- **Problem to solve**:
Emit a verbatim copy of the lines below from the line with "Doxie Go er" through the line with "on Today on NBC", excluding pictures and everything outside that range.

- **Information supplied**:
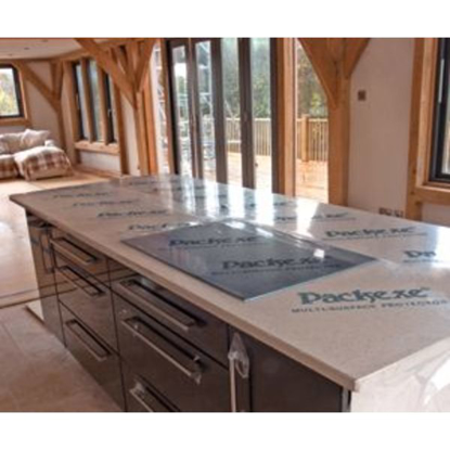 Selvheftende folie for beskyttelse av gulv. Blå folie er til bruk på tekstilgulv, og grønn folie er beregnet for harde gulv. Med dispenser dekkes raskt og sikkert, store arealer og beskytter mot fukt, smuss og skader.
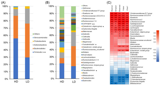 Intergroup comparisons of the gut microbiome (Figure 1 and Table S4) indicated that, at the phylum level, the occupancy of Firmicutes was significantly higher in the HD group than in the LD group (p = 0.008; Figure 1A). The HD group had a significantly higher presence of genera belonging to p_Firmicutes, such as Eubacterium eligens group, Fusicatenibacter, Lachnospira, Roseburia, Ruminococcus 2, Feacalibacterium, Ruminiclostridium 5, and Ruminococcaceae UCG 013 (at p = 0.020, 0.043, 0.005, 0.005, 0.020, 0.013, 0.043, and 0.029, respectively; Figure 1B). Correlations between the alpha diversity and genus and family level of the gut microbiome can be seen in Figure 1C. All diversity indices—Shannon, Simpson, Observed, Fisher, and Chao1—correlated with a nearly identical gut microbiome overall, indicating significant positive correlations between diversity indices and genera belonging to p_Firmicutes. This result is similar to the significant differences observed for several of the observed bacteria from genera belonging to the f_Ruminococcaceae and f_Lachnosperaceae, with significant positive correlations. However, g_Bifidobacterium, g_Escherichia–Shigella, which belongs to the f_Enterobacteriaceae, and f_Veillonellaceae showed significant negative correlations with some of the diversity indices, such as the Shannon index.
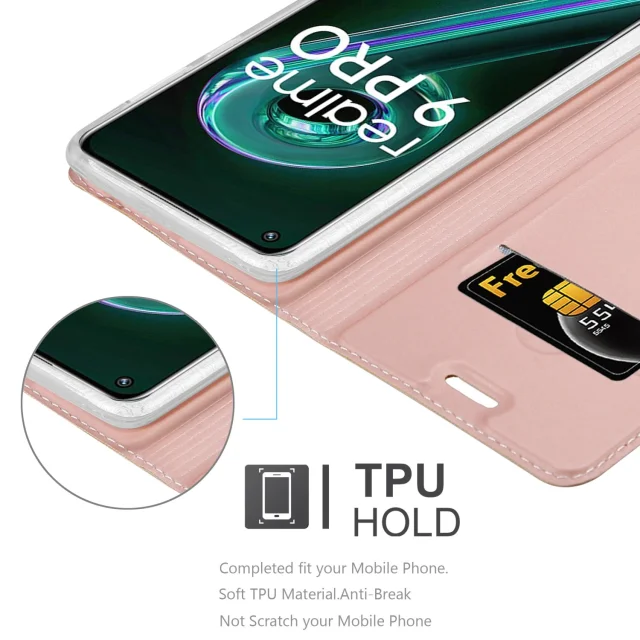 Cadorabo Case, združljiv z Realme v elegantnem rosă ‰ Gold - zaščitni pokrov z magnetnim zapiranjem, stoječo funkcijo in režo za kartico
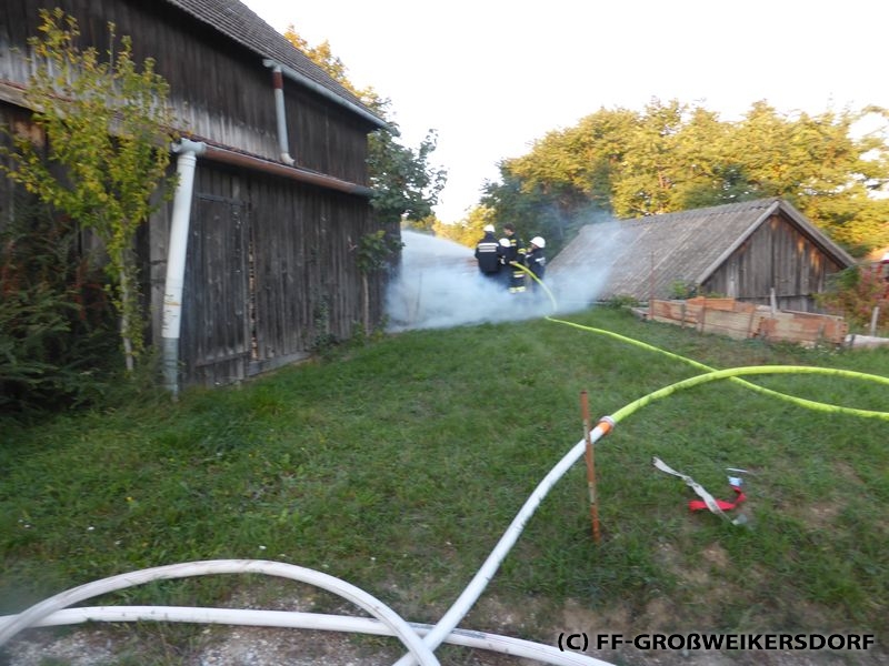 Auf einem Privatgrundstück war ein Holzlager in Brand geraten. Am Einsatzort eingetroffen, wurde die Einsatzstelle großräumig abgesperrt. Anschließend wurde mit den Löscharbeiten begonnen und eine Wasserversorgung hergestellt.
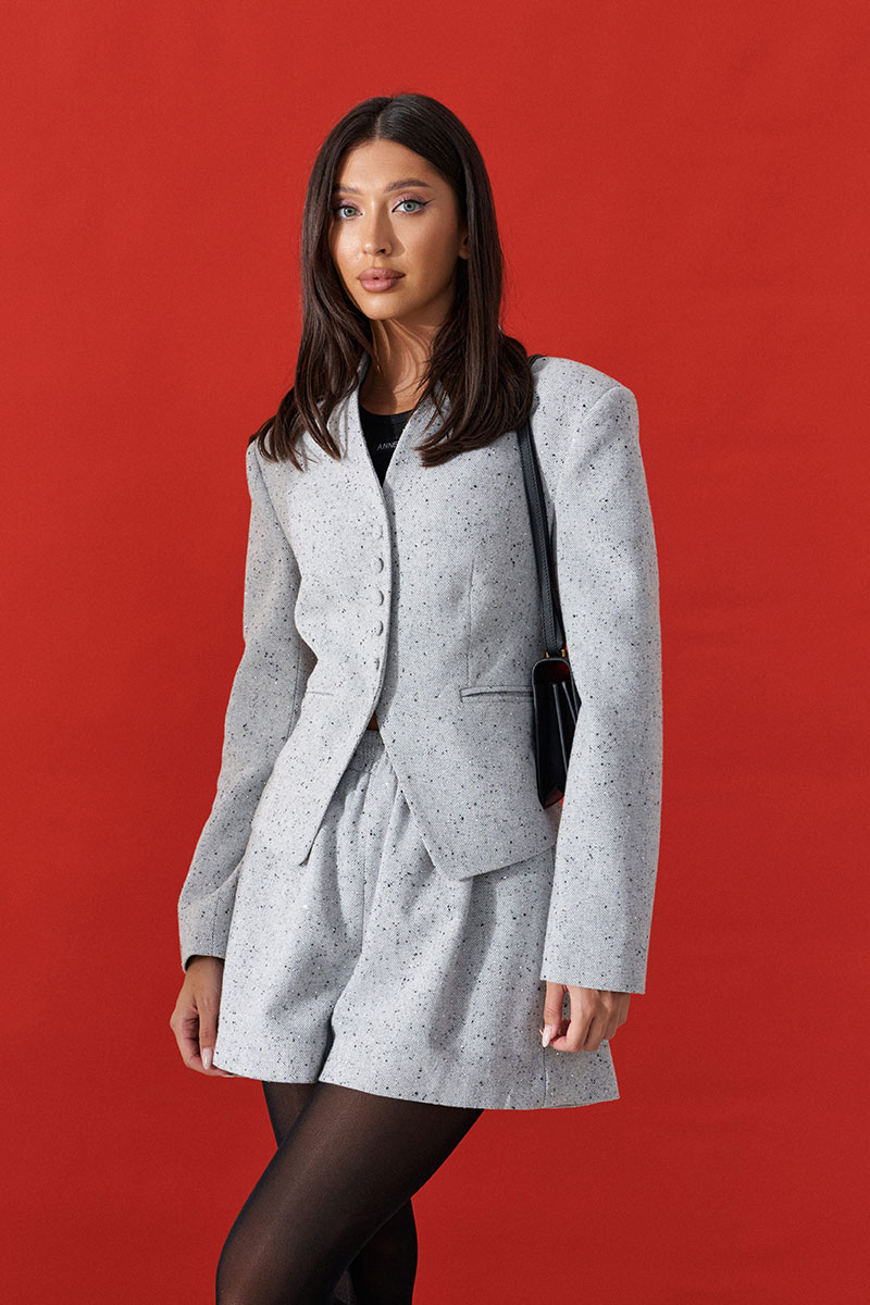 Жакет прилегающего силуэта. Выполнен из фактурной ткани серого цвета со стразами и вкраплениями контрастной нити (чёрного цвета). С подкладкой. Воротник-стойка. Вырез горловины V-образный. Рукав втачной. По переду прорезные карманы. Застёжка центральная - пуговицы. Низ жакета фигурный. Жакет дополнят шорты 1616.
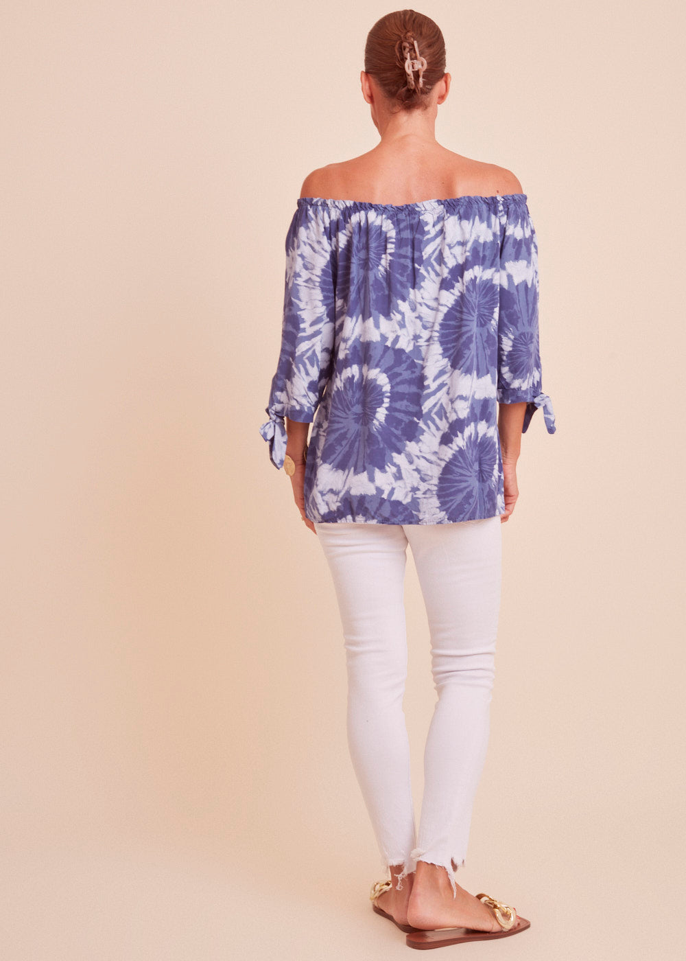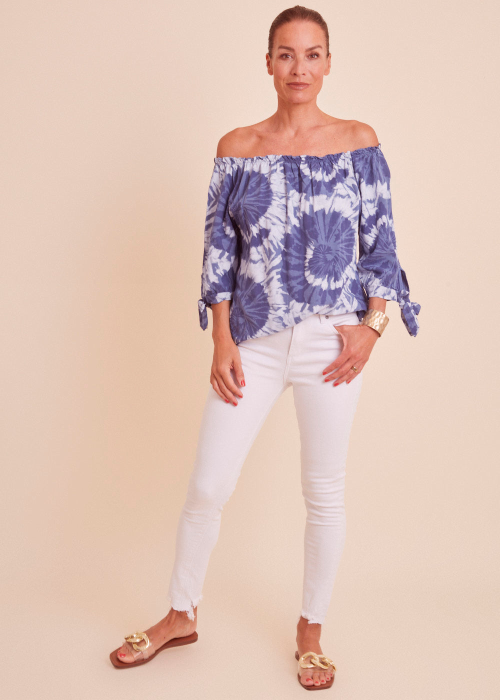 Leichte Carmenbluse in einem wunderschönen blau Ton mit besonderem Print. Die Bluse hat einen Rundhals-Ausschnitt mit Gummizug, der variable auch mit entblößten Schultern getragen werden kann. Die 3/4- Ärmel sind mit einer Schleife versehen. Einfach wunderschön!
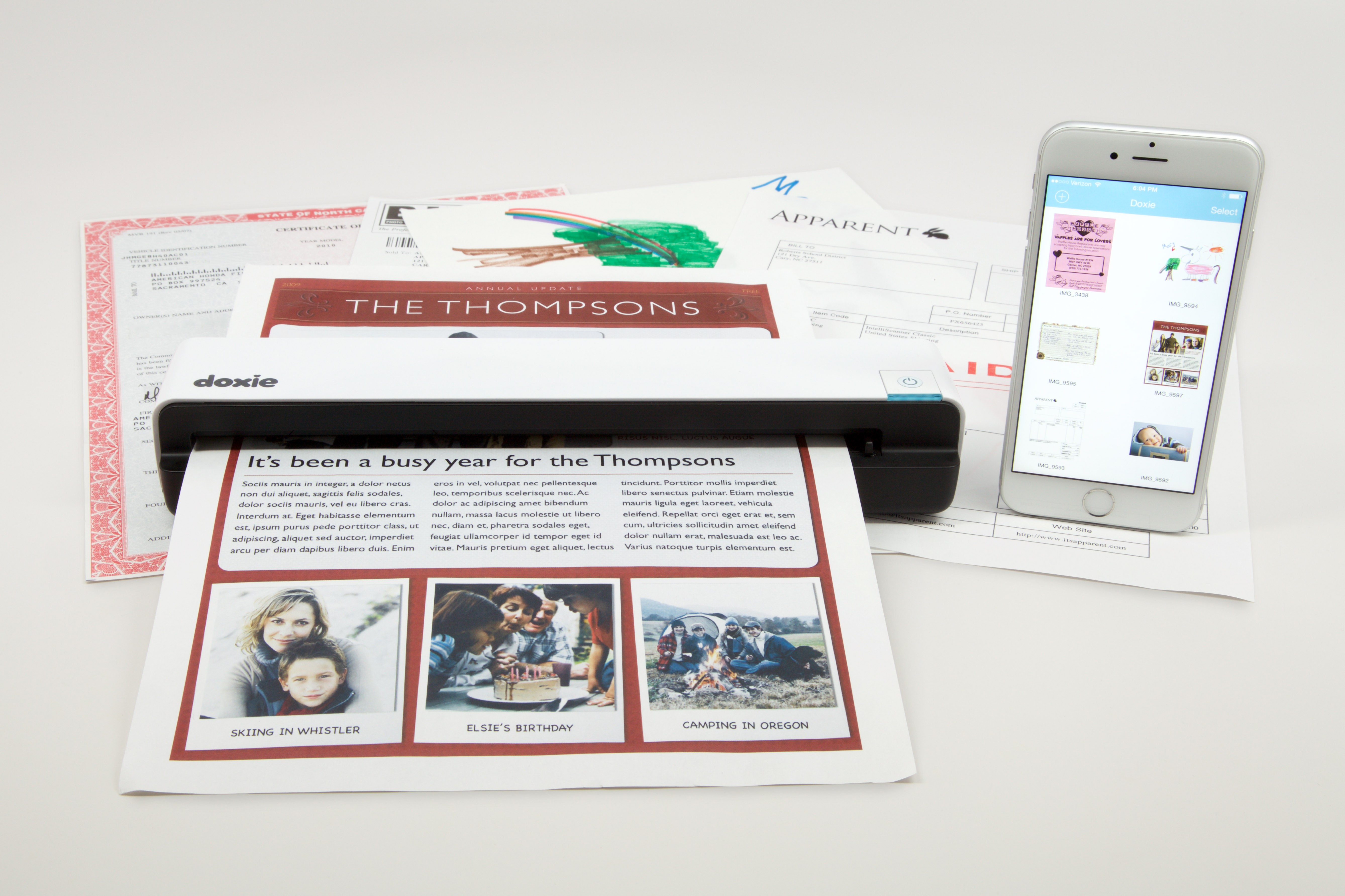 Doxie Go er en skanner som har sitt eget batteri, noe som gjør den «trådløs» og derfor veldig praktisk. Dessuten krever den ikke bare ingen elektrisk tilkobling, den krever heller ikke computer, ettersom den lagrer det skannede dokumentet i minnet sitt, som deretter synkroniserer det trådløst med alle enhetene dine. Selvfølgelig kan den også lagre det i skyen, på alle populære «sky»-plattformer (Dropbox, Google Drive).
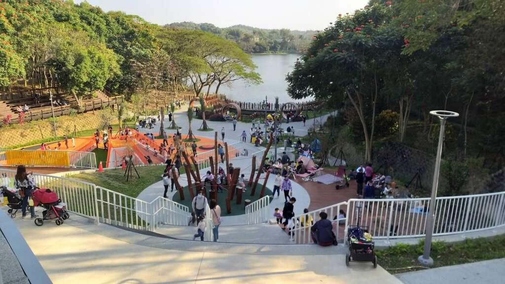 虎頭埤園區表示,新增的地景遊憩場成為最多親子共遊的地方,設施包括有:星月吊椅、綠丘滑草道、大地遊戲丘、圓形圈圈座椅以及不少小朋友喜愛的溜滑梯等,有不少遊客同時也在現場席地野餐,享受親子逍遙時光,園區特別提醒遊客,其中溜滑梯遊憩設施僅限6歲至12歲小朋友使用,請家長確實遵守遊憩場規則,共同維護遊憩安全。
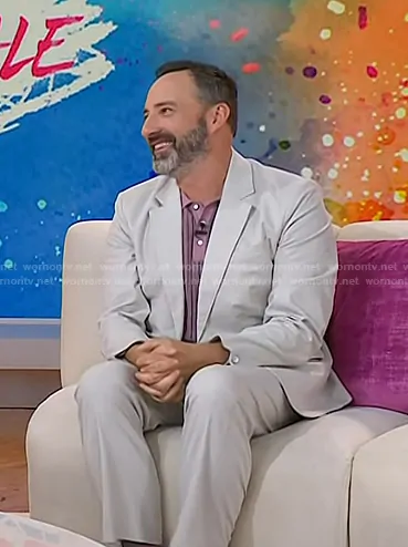 on Today on NBC was spotted wearing this pink polo and beige sneakers on Today on Aug 08 2025's episode. 's Shirt is the Harvey Striped Knit Polo Shirt in Grape by Rag & Bone . 's Shoes is the Court Vision Sneaker in Tan by Nike.
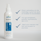 De Bioskin DermaSpray Intensive is al vele jaren "de redder in nood" voor iedereen met een zeer droge & jeukende huid. De fijne textuur van de Spray trekt diep in de huid, waar het de huid voedt zodat deze sterker en gezonder wordt. Doordat het een Spray is, is het product makkelijk in gebruik. Het is een niet vette substantie en hoeft niet in de huid gesmeerd te worden. Hierdoor kan de Spray voeding geven aan de geirriteerde huid die aanraking niet verdraagt, en kan het zelfs op moeilijk te bereiken plaatsen worden gebruikt zoals de hoofdhuid.
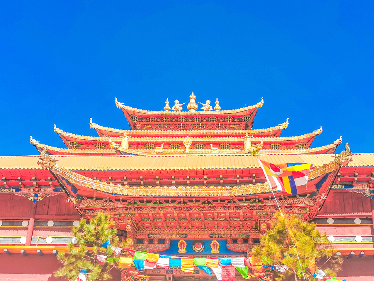 1984年后将山下原属止贡噶举派的来远寺以及原属噶玛噶举派的达摩寺两寺的僧侣合并于此活动。其大经堂中供奉释迦牟尼、莲花生祖师、格鲁派创始人宗喀巴以及止贡噶玛噶举两派祖师的造像。有僧侣近80人。
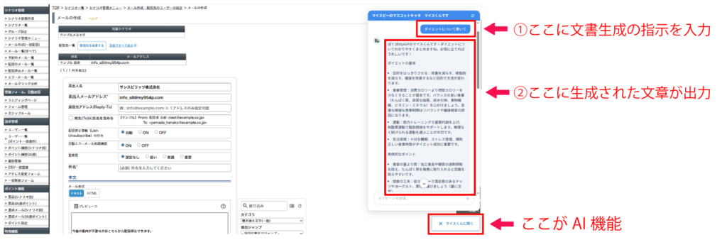 • 機能概要: メール配信等のキャッチコピー、見出し・サブヘッドの作成、及びメール配信やSMS配信におけるメッセージ文章を自動生成する機能です。
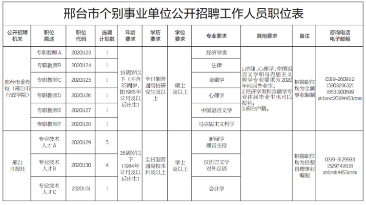 详见《邢台市委党校(邢台市行政学院)、邢台日报社公开招聘工作人员职位表》。
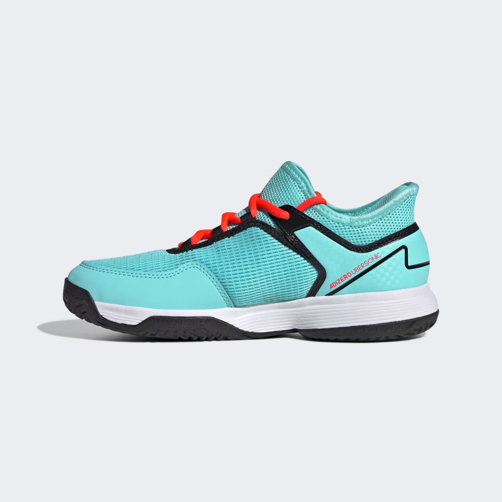SPEED-ENHANCING TENNIS SHOES MADE IN PART WITH RECYCLED CONTENT. Speed buys time. Time earns points. That's why these adidas Ubersonic 4 Kids Shoes tennis shoes were created to get you to the ball faster. Their comfortable mesh upper includes heel padding to lock you in for lightning sprints. EVA midsole cushioning makes for soft landings and a grippy Adiwear outsole keeps you quick on multiple surfaces.

- **Solved exercise**:
 Doxie Go er en skanner som har sitt eget batteri, noe som gjør den «trådløs» og derfor veldig praktisk. Dessuten krever den ikke bare ingen elektrisk tilkobling, den krever heller ikke computer, ettersom den lagrer det skannede dokumentet i minnet sitt, som deretter synkroniserer det trådløst med alle enhetene dine. Selvfølgelig kan den også lagre det i skyen, på alle populære «sky»-plattformer (Dropbox, Google Drive).
 虎頭埤園區表示,新增的地景遊憩場成為最多親子共遊的地方,設施包括有:星月吊椅、綠丘滑草道、大地遊戲丘、圓形圈圈座椅以及不少小朋友喜愛的溜滑梯等,有不少遊客同時也在現場席地野餐,享受親子逍遙時光,園區特別提醒遊客,其中溜滑梯遊憩設施僅限6歲至12歲小朋友使用,請家長確實遵守遊憩場規則,共同維護遊憩安全。
 on Today on NBC was spotted wearing this pink polo and beige sneakers on Today on Aug 08 2025's episode. 's Shirt is the Harvey Striped Knit Polo Shirt in Grape by Rag & Bone . 's Shoes is the Court Vision Sneaker in Tan by Nike.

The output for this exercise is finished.